Exercise directions. Here the job is to transcribe only the lines from the one containing "The DERUTA VARIO" through the last line below, exactly as written; please leave out pictures.

[Items listed in a dataset]
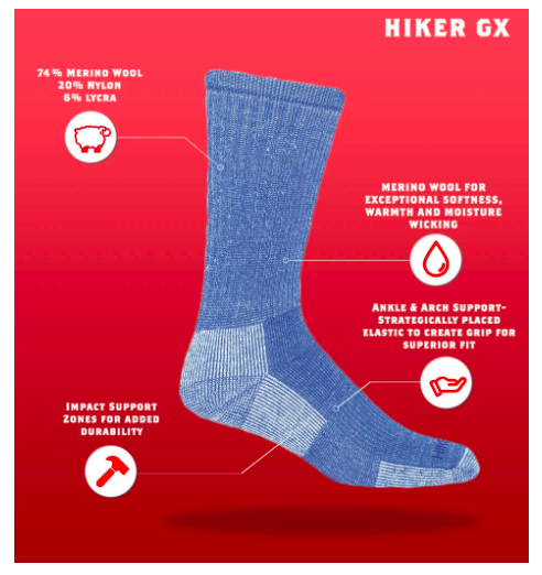 The Hiker GX is an all-season, multi-purpose merino hiking sock meant for outdoor activities. Arch support, half-cushion padding, and impact support zones ensure these hiking socks will outlast the competition. Made in Toronto.
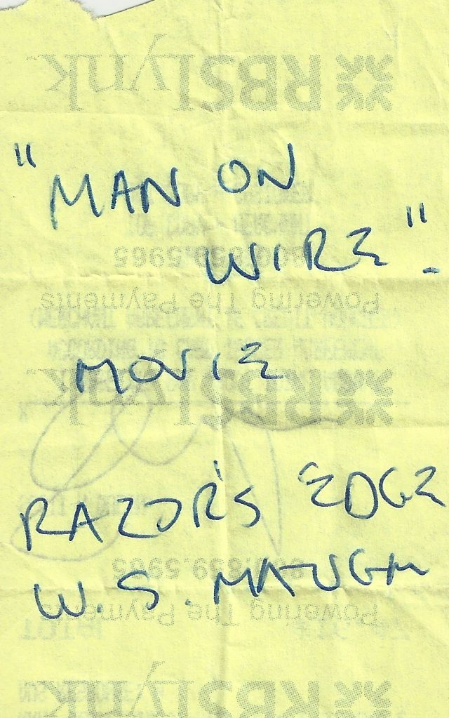 I found a North End Market receipt in my “Monhegan” book, Scott had written down the name of a movie he really enjoyed, called MAN ON WIRE. As well as a book, RAZOR’S EDGE by W.S. Maugham. I haven’t gotten around to either, but I think we will make a point to do so. A tribute to our friend…
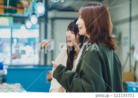 魚市場を楽しむ女性たち 撮影協力 ・ピアbandai
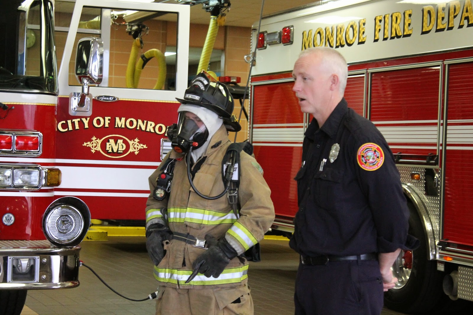 In February I was so excited to be able to attend Kennedy's class field trip. Thanks to my Mom for keeping my "littles". There were three stops on this particular field trip and first up was the Monroe Fire Department. After showing us their garage and the three trucks inside and the differences in each they talked a bit about fire safety and then showed the kids how they "suit up" for a fire.
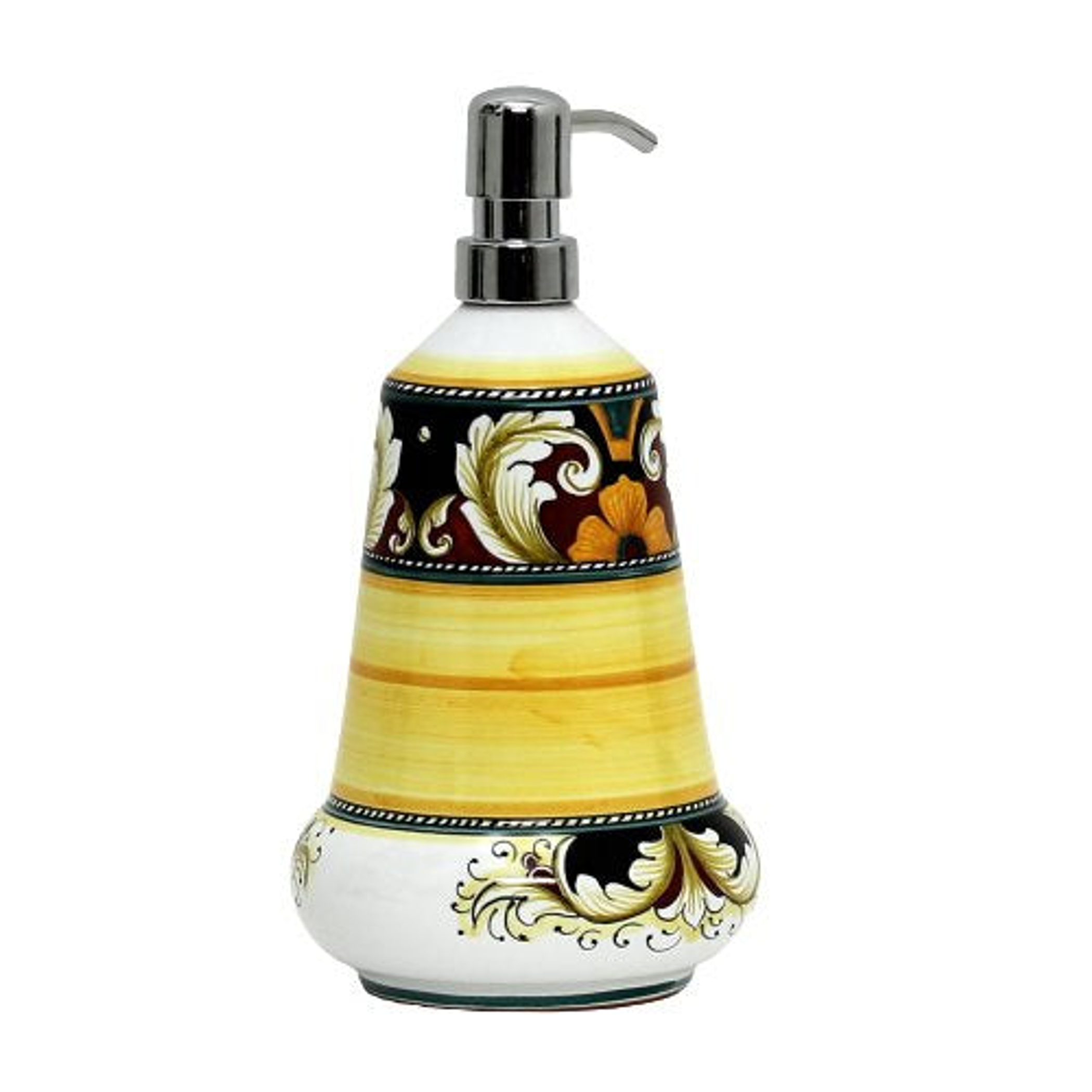 The DERUTA VARIO Liquid Soap Lotion Dispenser is an elegantly crafted ceramic piece that showcases a refined foliage scrollwork design complemented by a bold black background. This dispenser measures 5 inches in diameter and stands 9 inches high, holding up to 26 ounces of liquid soap or lotion. The intricate hand-painted decorations highlight the challenging color shading technique in ceramic art, reflecting over 500 years of artistic tradition from the Italian town of Deruta. Each item is handcrafted, ensuring unique designs with slight variations. This dispenser is ideal for kitchens and bathrooms, adding a touch of sophistication to everyday spaces.
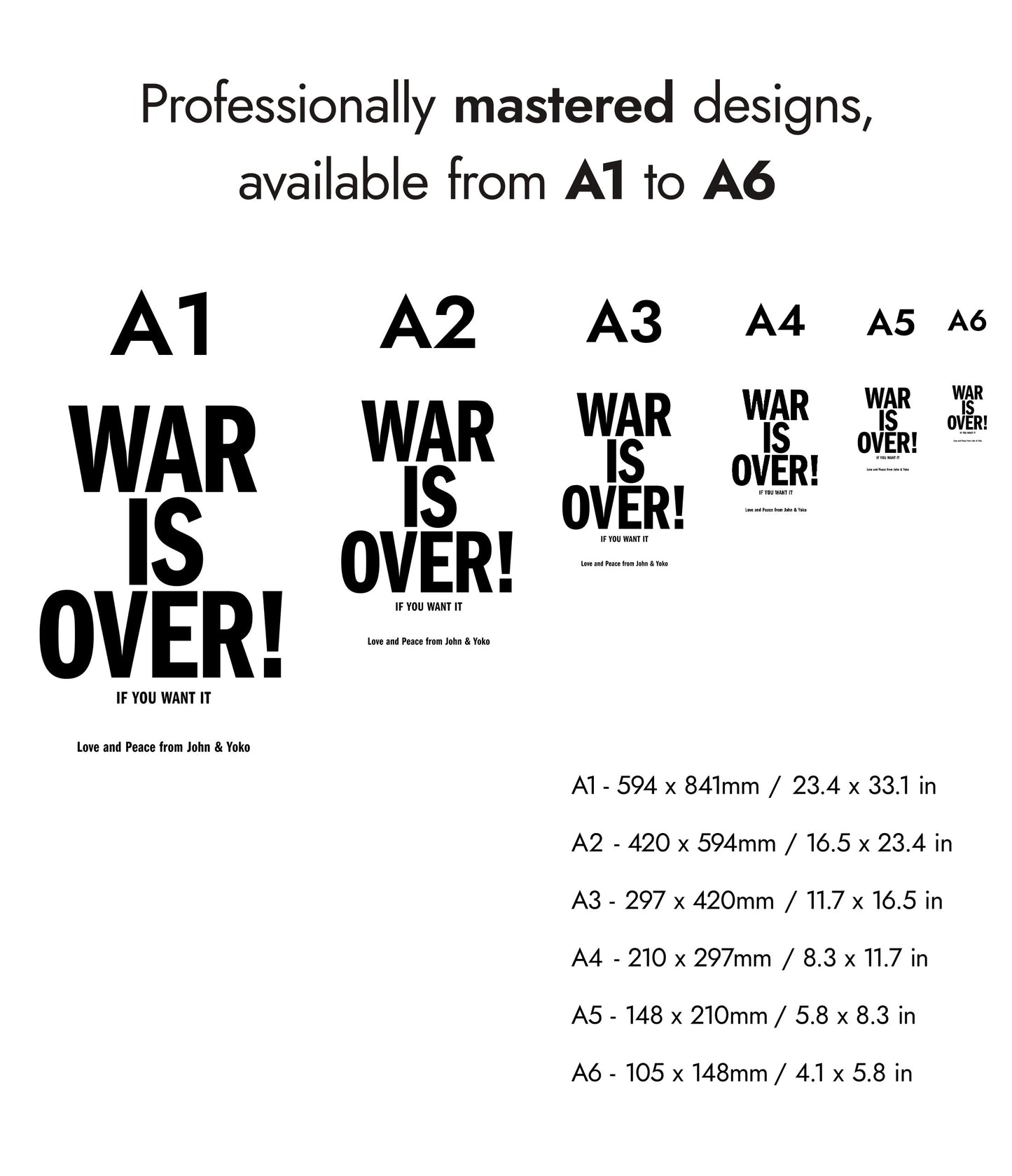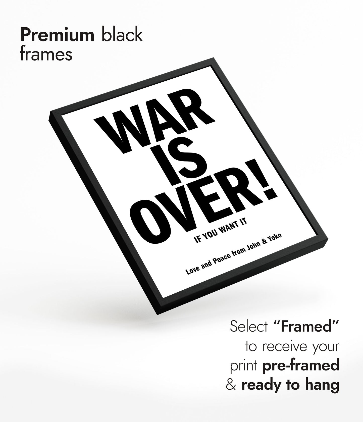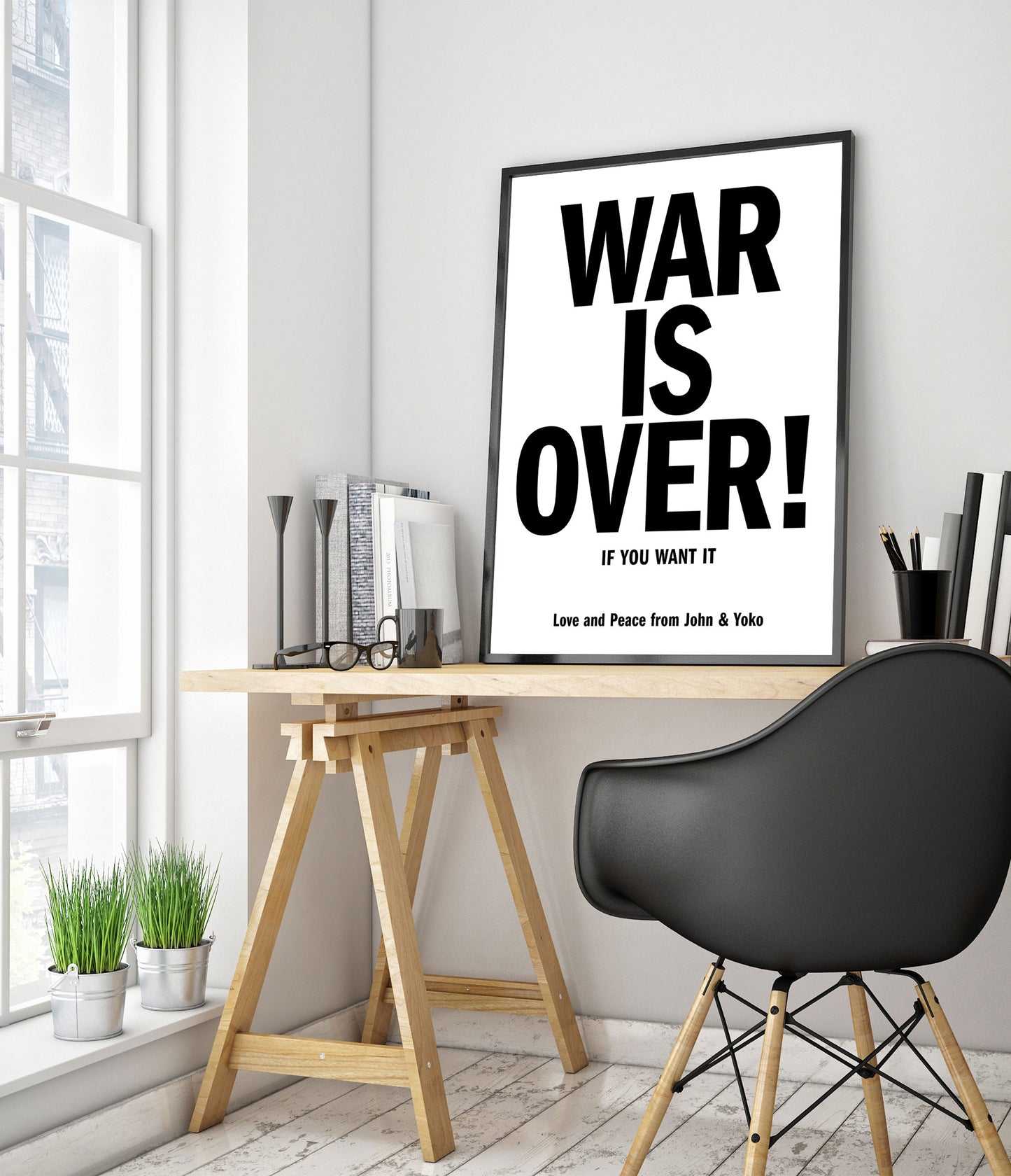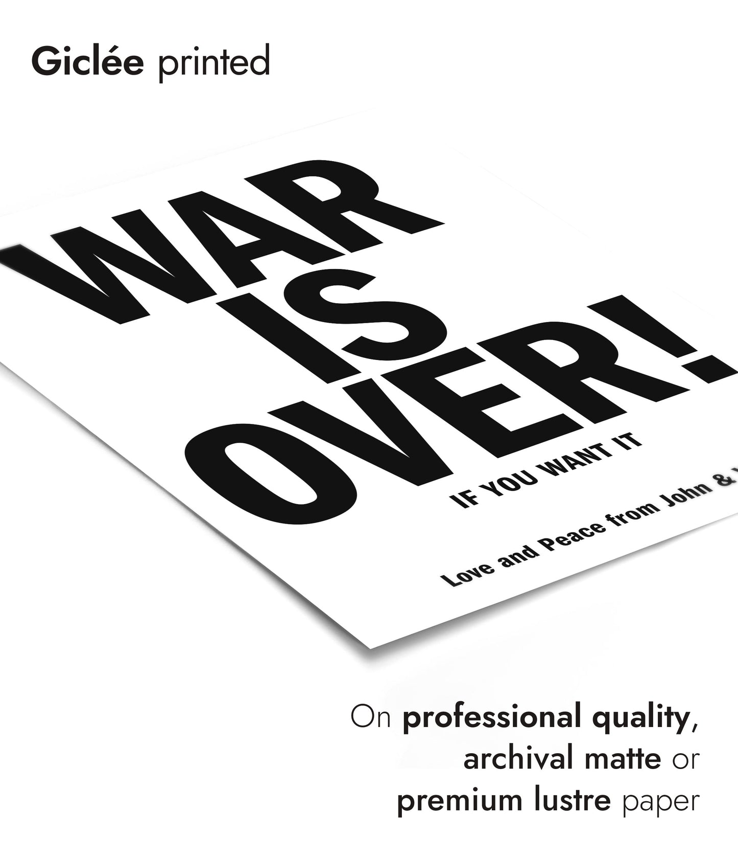 This minimalist typography poster features the bold statement "WAR IS OVER! IF YOU WANT IT" with a subtle message of love and peace from John & Yoko beneath. The stark black text on a clean white background exudes a vintage and graphic style, making a strong, impactful statement suitable for modern interiors.

Your solution.
 The DERUTA VARIO Liquid Soap Lotion Dispenser is an elegantly crafted ceramic piece that showcases a refined foliage scrollwork design complemented by a bold black background. This dispenser measures 5 inches in diameter and stands 9 inches high, holding up to 26 ounces of liquid soap or lotion. The intricate hand-painted decorations highlight the challenging color shading technique in ceramic art, reflecting over 500 years of artistic tradition from the Italian town of Deruta. Each item is handcrafted, ensuring unique designs with slight variations. This dispenser is ideal for kitchens and bathrooms, adding a touch of sophistication to everyday spaces.
 This minimalist typography poster features the bold statement "WAR IS OVER! IF YOU WANT IT" with a subtle message of love and peace from John & Yoko beneath. The stark black text on a clean white background exudes a vintage and graphic style, making a strong, impactful statement suitable for modern interiors.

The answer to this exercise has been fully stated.